Je suis très surprise de lire votre communication Mesdames et Messieurs les administrateurs ; je connais Monsieur Durand et il manie l’humour avec brio.

Pour étayer mon propos, je partage avec vous ci-dessous une traduction de la copie d’un manuscrit ottoman qu’il a faite et partagée avec la majorité municipale dont nous étions, avant d’en être jetés !

 » Le retour …. de l’Ex-grand-vizir
Cette histoire se passe loin d’ici, en empire ottoman, en d’autres temps. Toute ressemblance ….
Le Grand Vizir de la ville avait été battu et, démocratiquement, remplacé par un nouveau Grand Vizir.
La chute d’Ex-grand-vizir était pourtant logique; il avait été condamné par une succession de
tribunaux dans une sombre affaire de harcélement à l’encontre d’une jeune collaboratrice. Cette
dernière s’était défenestrée. La cour d’appel avait condamné Ex-grand-vizir à six mois de prison avec
sursis et à une lourde amende, aggravant ainsi la peine prononcée en première instance par le
tribunal correctionnel . Quinze militants et amis d’Ex-grand-vizir avaient d’ailleurs démissionné du
groupe politique auquel ils appartenaient tous pour manifester leur indignation à propos de son
investiture comme tête de liste aux élections (investiture d’ailleurs contraire aux statuts du parti). Le
jour de l’élection municipale, les femmes, par solidarité féminine, s’en souvenaient !
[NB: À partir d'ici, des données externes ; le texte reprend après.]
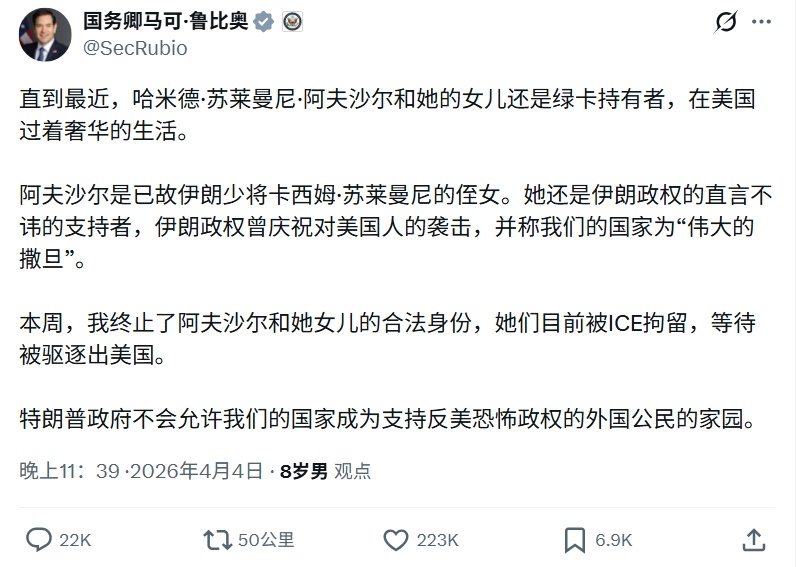 美国国务卿卢比奥发文撤销了伊朗已故少将苏莱曼尼的侄女和她女儿的美国绿卡,理由是二人是伊朗政权的支持者,并称美国是撒旦。二人目前被ICE拘留,等待被驱逐出美国。

De plus, les habitants de la Ville avaient également considéré qu’ Ex-grand-vizir n’avait pas fait
grand chose durant sa dernière mandature: les chemins étaient mal entretenus, les bâtiments
municipaux mal maintenus , les tribunes du stade demandaient une course de haies pour passer par
dessus les barbelés qui en interdisaient l’accès, … Les données socio-économiques et l’attractivité
locale allaient si mal que la population de la Ville avait baissé, passant de 25.000 habitants en 1975
à 22.000 en 2014 (du calendrier ottoman) alors que toutes les villes voisines connaissaient une
croissance continue.
Etre située à 5 kilométres de Paristanbul, disposer de métro et tramway … ne permettaient pas à la
Ville de compenser les aspects négatifs résultant de l’abandon connu par maints éléments
communaux.
D’évidence, les charges financières de la Ville avaient augmenté tandis que la population baissait. Un
enfant signala que, financièrement, quelque chose n’allait pas et un trésorier de l’Administration de
Paristanbul vint publiquement confirmer que les encaissements stagnaient quand les dépenses
s’envolaient. Un ver était dans le fruit, les roses se fanaient et les comptes tendaient vers le rouge !
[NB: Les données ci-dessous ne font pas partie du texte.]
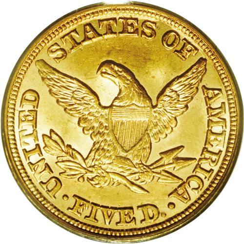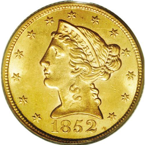 <B>1852<$5> MS63 PCGS.</B></I> Lustrous and well frosted with rich reddish-golden color throughout. The strike is well executed in most areas, although noticeably lacking on the eagle's neck and left (facing) wingtip. The 1852 is one of the more available No Motto fives in Mint State, but few Uncirculated pieces surpass the MS60-62 range. Population: 16 in 63, 9 finer (4/06).

Les résultats de cette équipe multicolore et plurielle étaient bien singuliers ! Impact de la désunion ?
Certains membres de l’équipe d’Ex-grand-vizir en étaient exclus quand d’autres membres créaient
une faille en partant rejoindre l’opposition d’alors.
Résumons: Ex-grand-vizir pensait echapper à la critique en ne faisant rien et en imposant le silance !
Avant cette élection fatale, pour sauver son avenir politique, Ex-grand-vizir avait bien essayé de
restructurer juridiquement certains grands immeubles en leur donnant un statut nouveau
permettant d’y loger des gens qu’il considérait lui être liés politiquement mais les habitants déjà en
place n’avaient pas apprécié de devoir changer de propriétaire sans que leur avis ne leur fût
demandé. On ne vend pas des locataires comme on vend des esclaves ! D’autant que ces vieux
immeubles avaient été laissés en l’état depuis des années et que les loyers à venir qui auraient dû
servir à améliorer les logements, servaient désormais, majoritairement, à rembourser les dettes
finançant le rachat des immeubles dans cette affaire de basse-finance.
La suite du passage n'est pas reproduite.